20:49 <egg> bofh: so I'm better off doing that bitand in sse2 than movqing abs y back up too

20:54 <bofh> so like after the abs at the start of the code you *only* have a dependency on abs y, not y.

20:55 APlayer has quit [Read error: Connection reset by peer]

20:55 APlayer has joined #kspacademia

20:56 Technicalfool has joined #kspacademia

20:58 <egg> bofh: yes, but y comes to me in some xmm register, and I need abs y in one too

20:59 APlayer has quit [Ping timeout: 182 seconds]
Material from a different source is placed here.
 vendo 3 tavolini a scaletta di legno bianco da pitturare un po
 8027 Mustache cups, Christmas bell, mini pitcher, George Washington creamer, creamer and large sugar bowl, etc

20:59 <egg> bofh: so if I compute abs y from y with a pand/pandn I'm fine, otherwise I induce a (mild) dependency on the first movq and I need an additional movq that I wouldn't otherwise

21:00 <bofh> okay, I see your point.

21:05 <egg> bofh: amusingly (with haswell, and with the caveats of iaca occasionally being confused), the version with intrinsics is 120 cycles like the positives-only version (in practice and on skylake it's slightly slower, but noticeably less so than doing every integer operation through movqs, see above)
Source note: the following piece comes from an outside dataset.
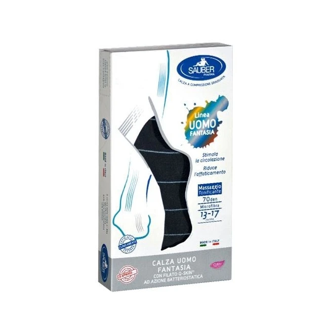 Calze uomo fantasia a compressione graduata in filato Q-SKIN, ad azione batteriostatica per facilitare la traspirazione della pelle e ridurre la sudorazione del piede. Possono essere abbinate sia ad un look classico ed elegante, sia ad un abbigliamento casual e giovanile. Ideali per essere indossate in qualunque occasione, dal lavoro al tempo libero, fino all’occasione speciale. Realizzate con polsino morbido che non stringe, e con punta e tallone in tinta unita.

22:04 <egg> live, uh, lack of cat? https://www.youtube.com/watch?v=O4zKbwnojuY

22:46 <SnoopJeDi> um so apparently LIGO is limited at low frequencies by Brownian motion in the reflective optical coating on the test masses

22:55 <whitequark> uh

22:55 <SnoopJeDi> well, that's the way he phrased it anyhow. I liked it better as he rephrased it: losses in the material correspond directly with thermal noise

22:57 <SnoopJeDi> I didn't realize A+/Voyager were a thing, but apparently they're planning to implement a "squeezed light" (goddammit optics) technique this year to push down the radiative forcing noise

22:58 <egg> bofh: lolwtf, adding branches for rescaling to prevent over/underflow (and correctly handle subnormal values as a side effect) makes the benchmark (main branch) *faster*?!

22:58 <SnoopJeDi> surprising number of orders of magnitude left for a terrestrial GW observatory (if one believes the claims, but I think that's reasonable)
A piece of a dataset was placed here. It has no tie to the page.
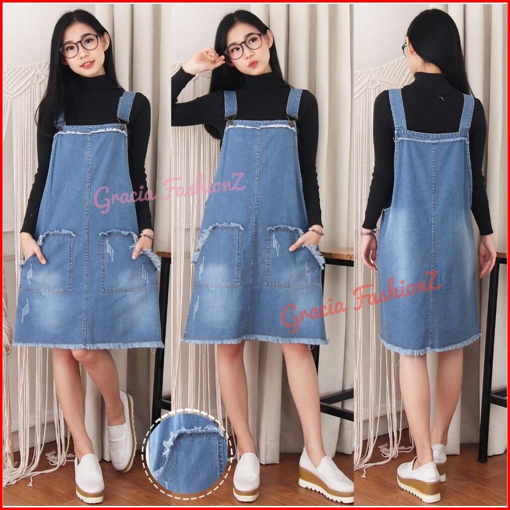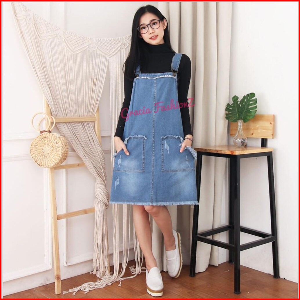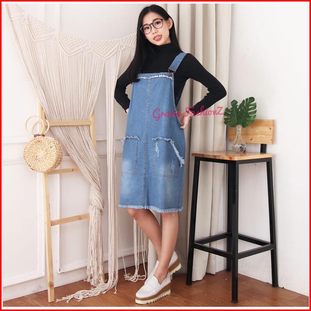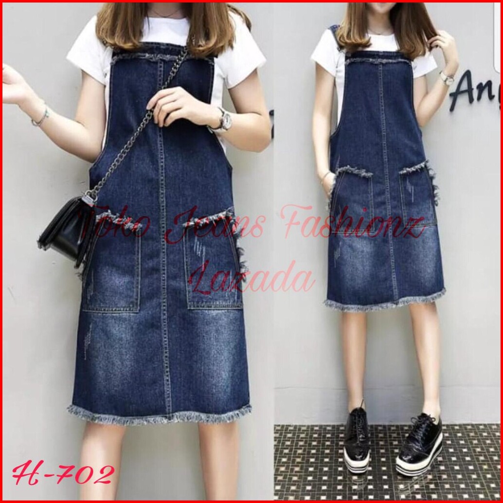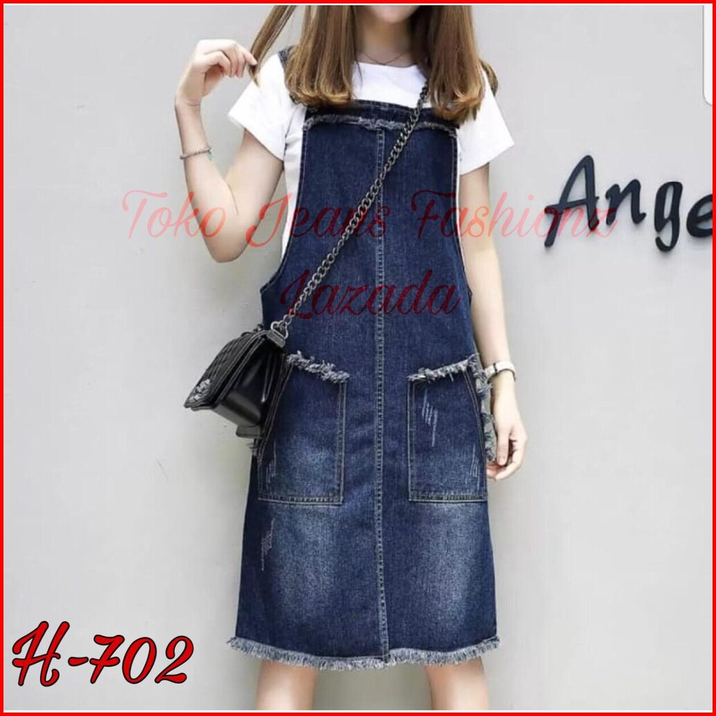 Dress Jeans Wanita Midi Overall Denim Soft Dark Blue

22:59 <egg> bofh: at least you're right that it doesn't slow things down at all :-p

22:59 <egg> all hail speggulative eggsecution

23:06 <Iskierka> for as long as we're allowed to use it

23:08 <egg> bofh: it's not like I tried doing anything smart either https://github.com/eggrobin/Principia/blob/cbrt-benchmarks/benchmarks/cbrt.cpp#L178-L188 (I need to refine and prove the values of smol and big, they're likely way to big and smol respectively)

23:35 <UmbralRaptor> Ellied: what sort of spectral resolution do your glasses get?